### What is being asked
Output, exactly as written, the lines below starting at the line containing "وفي نهاية الحفل" and ending at the line containing "A good dessert". Drop the pictures and keep both end lines.

### Record excerpts
------------------------

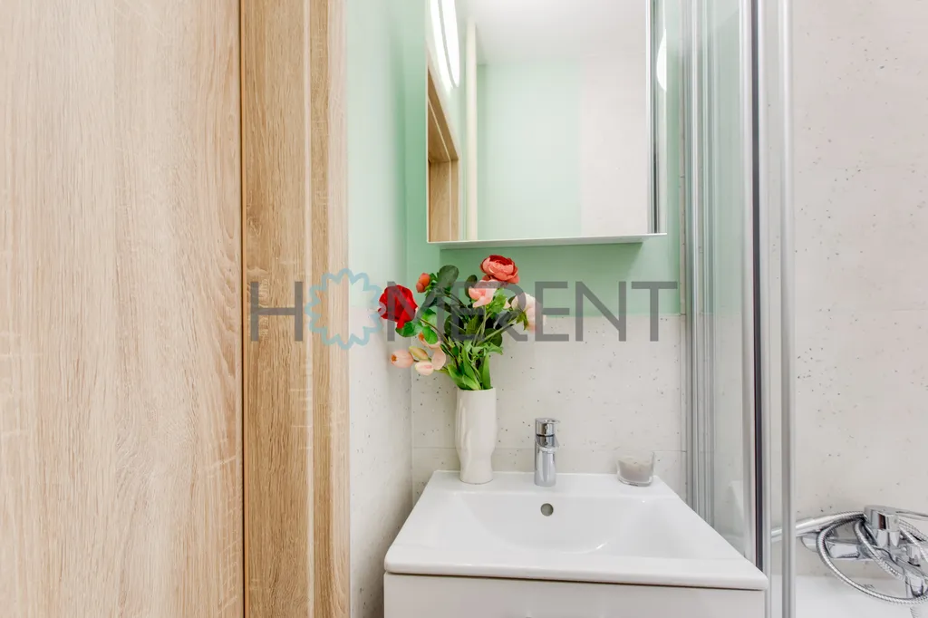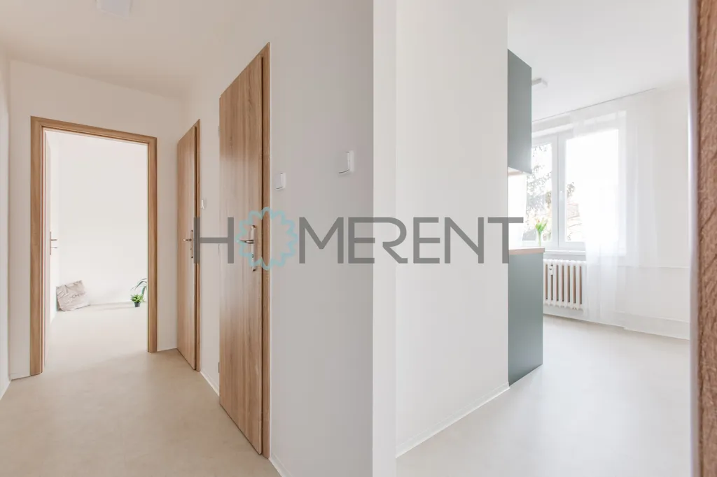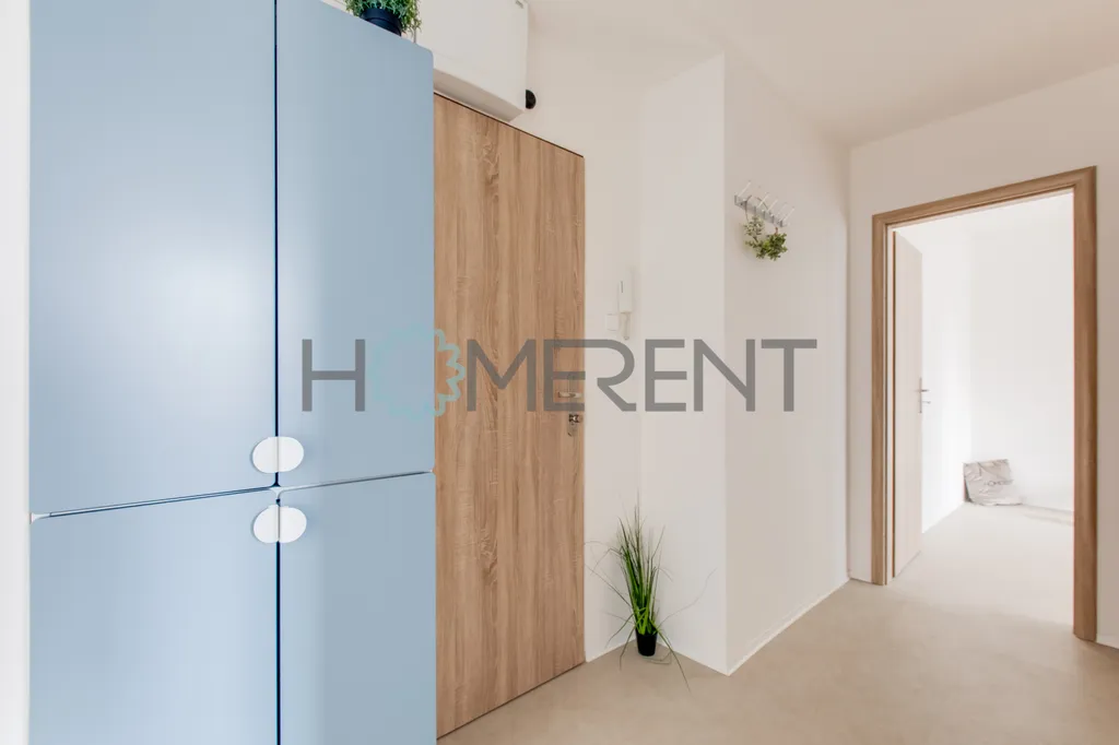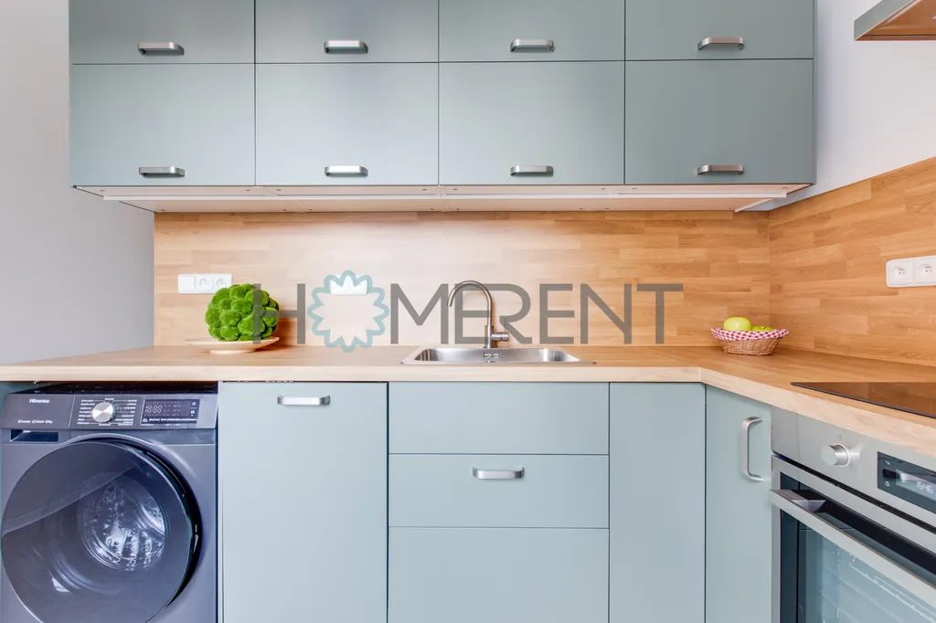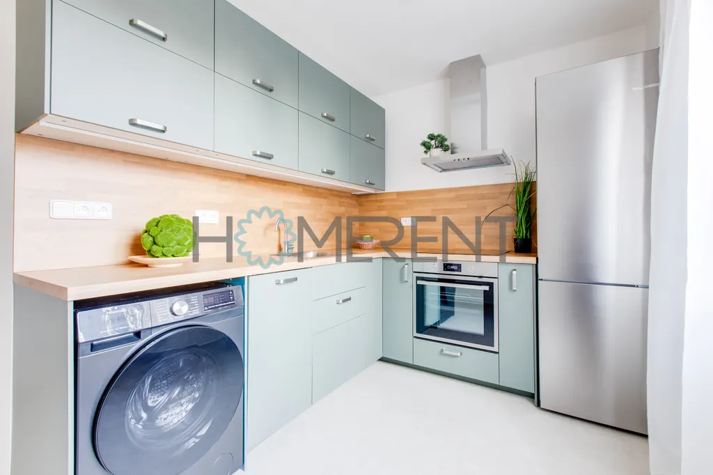Samotný byt prošel kompletní rekonstrukcí. Jsou zde nové podlahy, nová kuchyňská linka a celkově je byt ve velmi dobrém technickém stavu. Byt je pronajímán jako nevybavený, což novým nájemníkům umožňuje zařídit si interiér podle vlastních představ. Součástí bytu je však moderní kuchyňská linka vybavená spotřebiči – k dispozici je lednice s mrazákem, myčka nádobí, digestoř a také pračka se sušičkou. Kuchyň tak nabízí plnohodnotné zázemí pro každodenní vaření i pohodlný chod domácnosti.
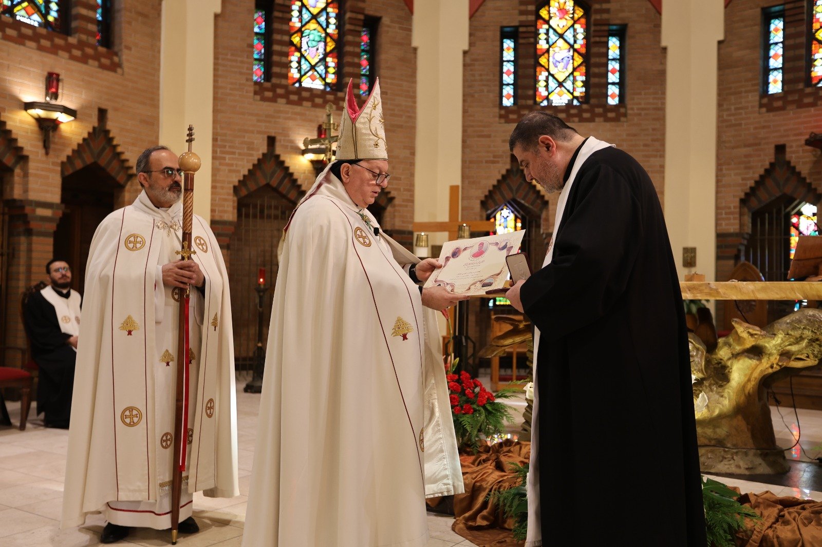 وفي نهاية الحفل قدمّ المطران تابت إلى السفير طوق مجموعة من الكتب عن تاريخ لبنان والموارنة.
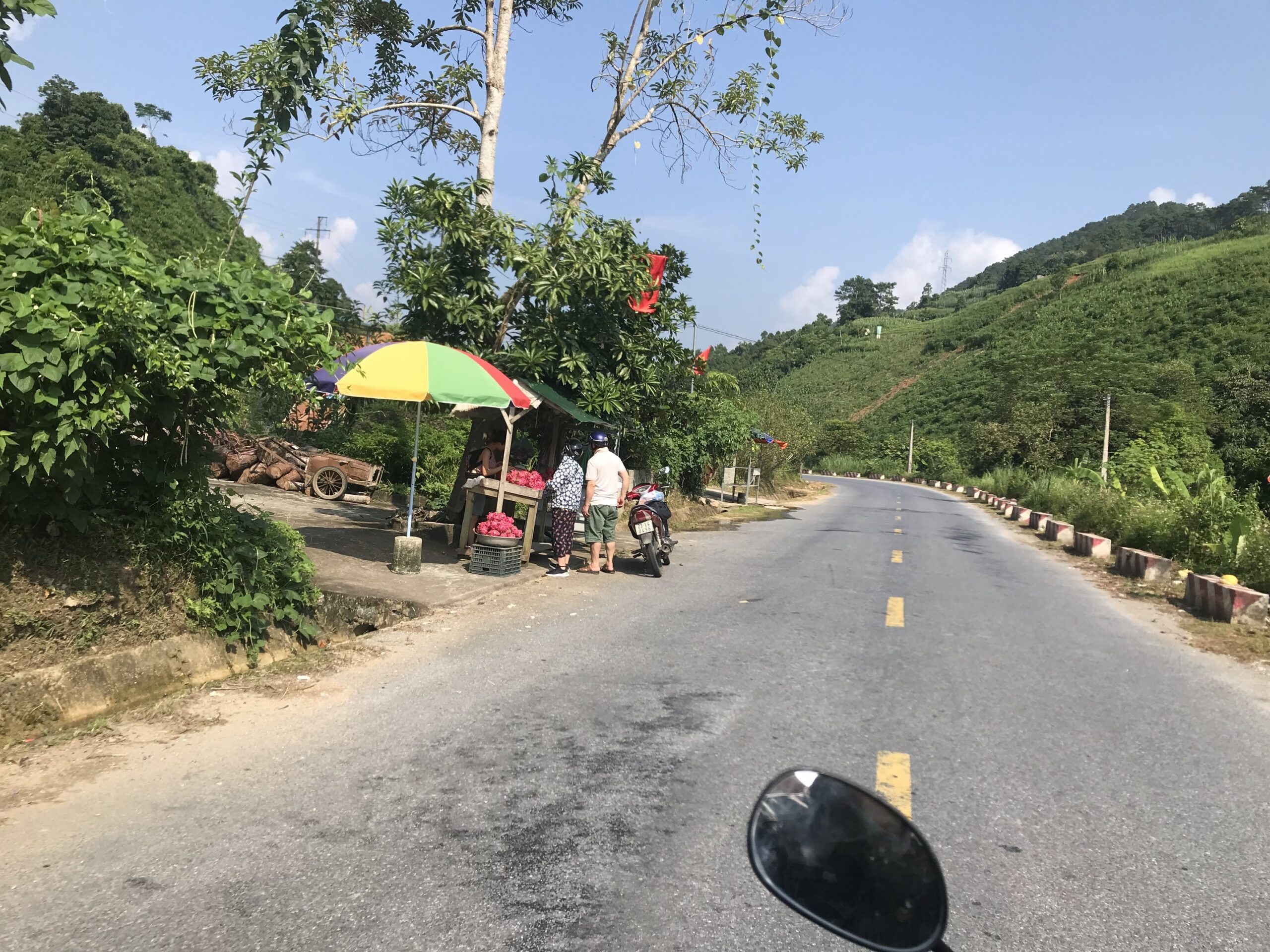 朝食を食べたら、ホイさんのバイクに乗って、今日のツーリングスタートです。最初の目的地は、ニョークエ川のボート乗り場。
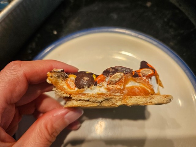 A good dessert to avoid turning on the oven! The original recipe for this called for a roughly chopped bag of Butterfinger Bites – I’m not sure those still exist, and certainly my store didn’t have them, but Reese’s Pieces were a delicious substitution!
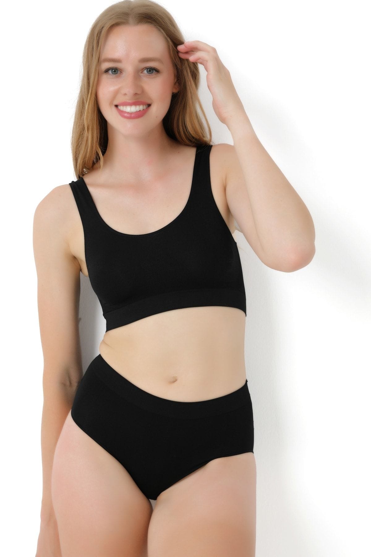 Dikişsiz tasarımı ve yüksek bel yapısıyla öne çıkan, beyaz ve siyah renk seçeneklerine sahip rahat bir külot. %90 Poliamid, %10 Elastan
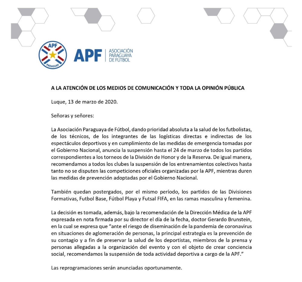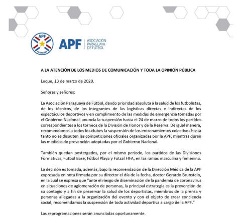 La APF suspende las competiciones hasta el 24 de Marzo e insta a los
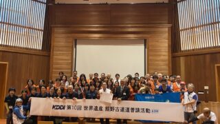KDDI株式会社様は、今回で10回目の道普請となり60名の皆様にご参加いただきました。大阪を朝早くに出発され、昼前に世界遺産熊野本宮館に到着されました。その後、多目的ホールにて開会式を行いました。関西総支社長である江口様の挨拶では、平成23年より道普請を行い、昨年までで累計660名の方とともに活動に取り組んできたという話をされました。改めて大勢の方々に支えられて道普請活動ができていることに感謝の気...
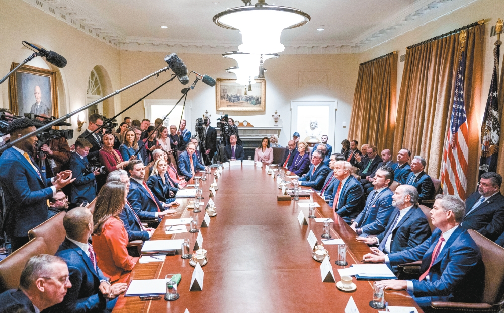【環球時報駐美國特約記者 蕭達 王逸】當地時間26日,美國總統特朗普舉行其第二任期的首次內閣會議。他在會議上對歐洲盟友進行新一輪猛烈抨擊,聲稱“歐盟成立就是為了搞砸美國”,並威脅要對歐盟加徵25%的關税。在烏克蘭問題上,特朗普拒絕為烏克蘭提供安全保障,並稱烏克蘭的安全應由歐洲來承擔。面對美國的全面威脅和打壓,歐盟一方面表示將對美方加税進行報復,另一方面,歐盟領導人也緊急出動:歐盟委員會主席馮德萊恩27日率團訪問印度,希望加強與印度的經濟聯繫。英國首相斯塔默27日飛往美國,寄希望於勸説特朗普在烏克蘭和關税問題上“回心轉意”,但多數分析認為希望渺茫。在特朗普的壓力下,歐洲多國領導人紛紛表示要“團結自強”,“擺脱對美國的依賴”。剛贏得德國選舉的基民盟領導人默茨26日趕赴巴黎與法國總統馬克龍會談。歐盟各國領導人週日還將在倫敦舉行歐洲共同防務峯會。《歐洲時報》稱,美歐之間自二戰以來的堅固盟友關係,已經土崩瓦解。從特朗普到副總統萬斯,從美國防長到國務卿,在不同公開場合,毫不客氣地分別給歐洲上了政治、經濟、“幫規”與意識形態課程。凡此種種,都讓歐洲領導人感到前所未有的寒意。

------------------------

### Your response
 وفي نهاية الحفل قدمّ المطران تابت إلى السفير طوق مجموعة من الكتب عن تاريخ لبنان والموارنة.
 朝食を食べたら、ホイさんのバイクに乗って、今日のツーリングスタートです。最初の目的地は、ニョークエ川のボート乗り場。
 A good dessert to avoid turning on the oven! The original recipe for this called for a roughly chopped bag of Butterfinger Bites – I’m not sure those still exist, and certainly my store didn’t have them, but Reese’s Pieces were a delicious substitution!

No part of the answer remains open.